WHAT THIS TASK INVOLVES
Print word for word the first line of the listing below and every line after it, through the line with "Údaje společnosti Counterpoint". Leave out the pictures and the rest.

** MATERIAL PROVIDED follows **

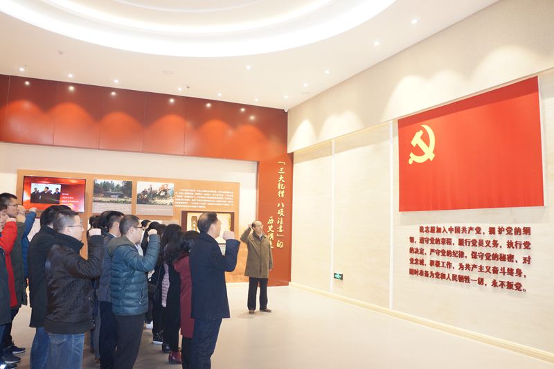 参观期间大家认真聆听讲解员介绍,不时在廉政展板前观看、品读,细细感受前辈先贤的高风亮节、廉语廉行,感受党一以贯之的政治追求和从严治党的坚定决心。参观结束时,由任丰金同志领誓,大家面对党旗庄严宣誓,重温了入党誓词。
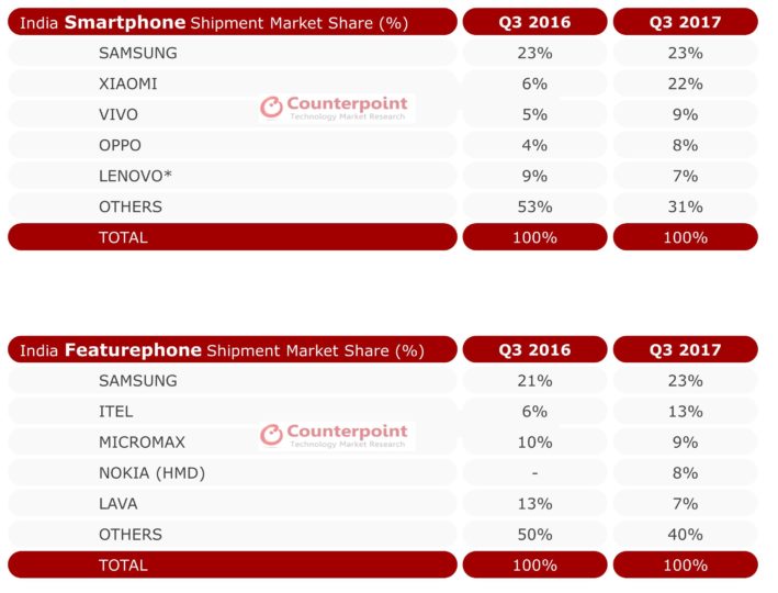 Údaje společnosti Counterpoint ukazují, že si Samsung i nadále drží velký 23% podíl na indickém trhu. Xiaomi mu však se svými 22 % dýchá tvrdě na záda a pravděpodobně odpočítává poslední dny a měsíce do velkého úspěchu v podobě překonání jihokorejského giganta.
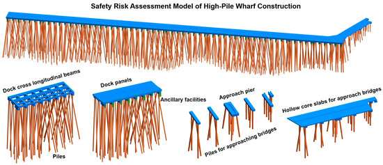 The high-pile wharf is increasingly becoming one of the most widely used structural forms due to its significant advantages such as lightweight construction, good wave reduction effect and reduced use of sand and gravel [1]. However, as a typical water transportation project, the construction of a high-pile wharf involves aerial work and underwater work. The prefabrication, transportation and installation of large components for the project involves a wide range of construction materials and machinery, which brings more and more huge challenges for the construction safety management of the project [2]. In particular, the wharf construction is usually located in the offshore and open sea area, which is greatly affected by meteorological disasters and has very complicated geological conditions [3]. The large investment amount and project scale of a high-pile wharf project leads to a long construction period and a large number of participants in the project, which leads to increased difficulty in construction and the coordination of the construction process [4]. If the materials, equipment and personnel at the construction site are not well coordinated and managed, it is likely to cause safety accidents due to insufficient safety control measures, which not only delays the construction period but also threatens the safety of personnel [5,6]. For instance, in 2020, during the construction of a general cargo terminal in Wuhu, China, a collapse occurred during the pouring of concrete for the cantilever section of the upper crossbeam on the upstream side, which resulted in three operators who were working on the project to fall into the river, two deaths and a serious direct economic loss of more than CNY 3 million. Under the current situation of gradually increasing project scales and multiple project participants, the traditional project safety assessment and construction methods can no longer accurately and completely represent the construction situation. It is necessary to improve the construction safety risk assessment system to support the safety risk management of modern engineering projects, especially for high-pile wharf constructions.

** End of MATERIAL PROVIDED **

OUTPUT OF THE EXERCISE
 参观期间大家认真聆听讲解员介绍,不时在廉政展板前观看、品读,细细感受前辈先贤的高风亮节、廉语廉行,感受党一以贯之的政治追求和从严治党的坚定决心。参观结束时,由任丰金同志领誓,大家面对党旗庄严宣誓,重温了入党誓词。
 Údaje společnosti Counterpoint ukazují, že si Samsung i nadále drží velký 23% podíl na indickém trhu. Xiaomi mu však se svými 22 % dýchá tvrdě na záda a pravděpodobně odpočítává poslední dny a měsíce do velkého úspěchu v podobě překonání jihokorejského giganta.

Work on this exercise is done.